The Great Debate UK
Talking to Terrorists: yesterday’s gunmen, today’s politicians?
-John Bew is Lecturer in Modern British History at Peterhouse, Cambridge University. Martyn Frampton is a Research Fellow, also at Peterhouse. Their book, co-written with Iñigo Gurruchaga, is called “Talking to Terrorists: Making Peace in Northern Ireland and the Basque Country” and they blog at Talking to Terrorists. The opinions expressed are their own.-
One of the current fashions in British and American diplomatic circles is the idea that it is necessary to engage with our enemies, no matter how extreme they might seem. In response to the recent Iranian election results, for example, Steven Clemons of the New America Foundation – a think tank with strong links to the Obama administration – suggested that “nothing at all has changed in the equation that Obama set out during the campaign: we have to deal with out enemies – we must engage”.

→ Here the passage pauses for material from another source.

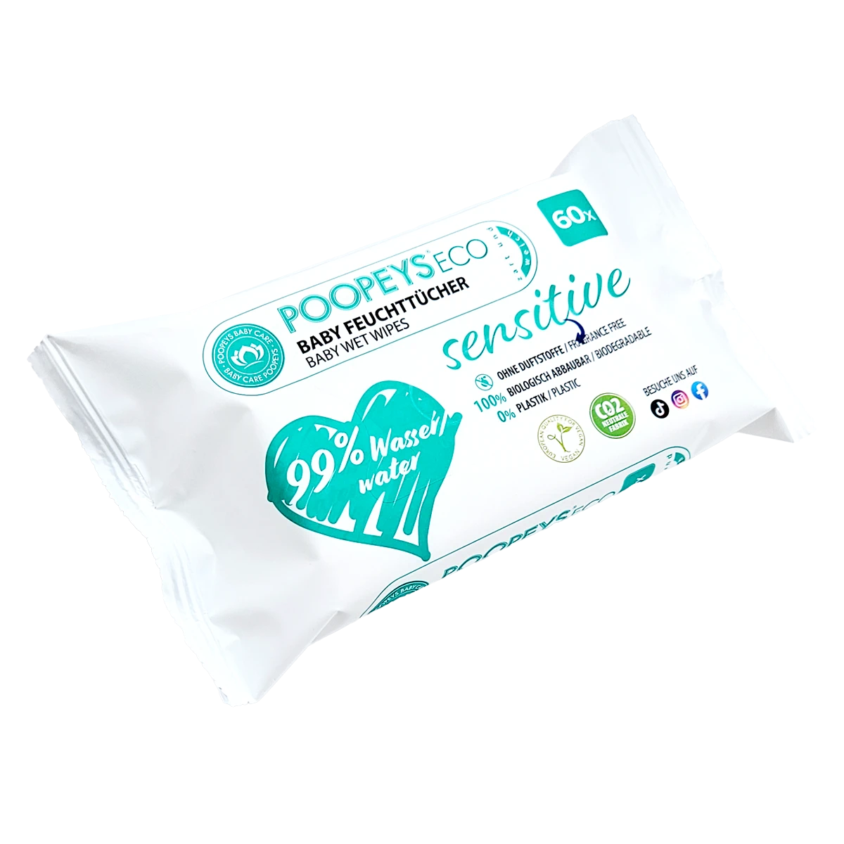 POOPEYS ECO SENSITIVE sind die natürlichsten Feuchttücher in unserem Sortiment, entwickelt für die empfindliche und zarte Haut von Babys. Hergestellt aus 100 % biologisch abbaubaren Materialien und komplett plastikfrei, sind sie die perfekte Wahl für umweltbewusste Eltern. Mit einer Formel, die zu 99 % aus Wasser und natürlichen Inhaltsstoffen besteht, reinigen diese Tücher die Haut sanft und bewahren deren natürliche Balance. Sie sind duftfrei und hypoallergen, ideal auch für die empfindlichste Babyhaut.

Equally, many observers now suggest that the same logic should be applied to non-state actors including Hamas, Hezbollah and even “moderate” Taliban in Afghanistan. Earlier this year, the British Foreign Office reanimated contacts with Hezbollah and several senior British MPs invited Hamas to participate in a video-link discussion in Westminster.
On May 17, we will discuss some of these issues in a lunchtime event run by the Henry Jackson Society in the Houses of Parliament. As we point out in our book, Talking to Terrorists, this belief in the need to “engage with the extremes” often takes the example of Northern Ireland as an inspiration, where the Irish Republican Army (IRA) ended a thirty-year campaign of violence in the late 1990s.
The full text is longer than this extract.